Both compute_distance_to_mesh()
functions take an optional argument called options
, which is a dictionary with the following possible entries:
Field | Default value | Meaning |
---|---|---|
t_coef |
1 |
Sets the time used for short-time heat flow. Generally you don’t have to change this. |
bbox_min |
The 3D position of the minimum corner of the computational domain, which is assumed to be an axis-aligned rectangular prism. If not specified, the size of the domain will be automatically computed so as to encompass the input source geometry. | |
bbox_max |
The 3D position of the maximum corner of the computational domain. | |
resolution |
np.array([2**5, 2**5, 2**5]) |
3D vector specifying the tet or grid spacing, with larger values indicating more refinement. If solving on a grid, this corresponds to the number of nodes along each dimension. Default values are 2^{5}. |
rebuild |
True |
If True , (re)build the underlying tet mesh or grid domain. This will induce the solver to re-factorize the matrices involved in the solve. |
Helper functions
Tet mesh solver
SignedHeatTetSolver.get_vertices() -> np.ndarray
Returns an (n_vertices, 3) NumPy array representing the vertex locations of the underlying tet mesh domain.

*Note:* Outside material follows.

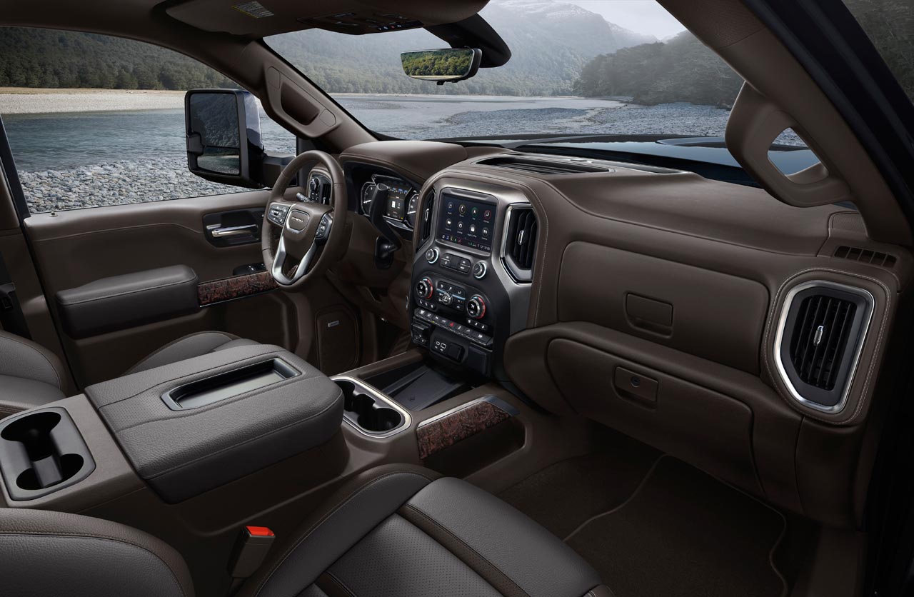 El equipamiento de la GMC Sierra Heavy Duty 2020 tiene controles de ascenso y descenso en pendientes, sistema de selección de tracción con modo Off-Road, Head-Up Display de 15 pulgadas con inclinómetro todo terreno, freno de estacionamiento eléctrico automático, dirección con asistencia variable y controles de frenos y balanceo de remolque.

SignedHeatTetSolver.get_tets() -> np.ndarray
Returns an (n_tets, 4) NumPy array representing the tetrahedra of the underlying tet mesh domain, where each tetrahedra is given by four vertex indices (0-indexed).
SignedHeatTetSolver.isosurface(f: np.ndarray, isovalue: float = 0.) -> tuple[np.ndarray, list[list[int]]]
Contours a scalar function defined on the tet mesh, given by the input vector f
, according to the isovalue isovalue
. Returns the tuple (vertices, faces)
defining the polygon mesh of the resulting isosurface.
Grid solver
SignedHeatGridSolver.get_grid_resolution() -> list[int]
Returns a length-3 array giving the number of cells of the background grid along the x-, y-, and z-axes, respectively.
SignedHeatGridSolver.get_bbox() -> tuple[np.ndarray, np.ndarray]
Returns the tuple (bbox_min, bbox_min)
, where bbox_min
and bbox_min
are the 3D positions of the minimal and maximal node corners of the grid, respectively.
SignedHeatGridSolver.to_grid_array(f: np.ndarray) -> np.ndarray
Converts the input vector f
representing a scalar function on the background grid, into a NumPy array of shape (dim_x, dim_y, dim_z)
, where dim_[xyz]
gives the number of grid nodes along each axis.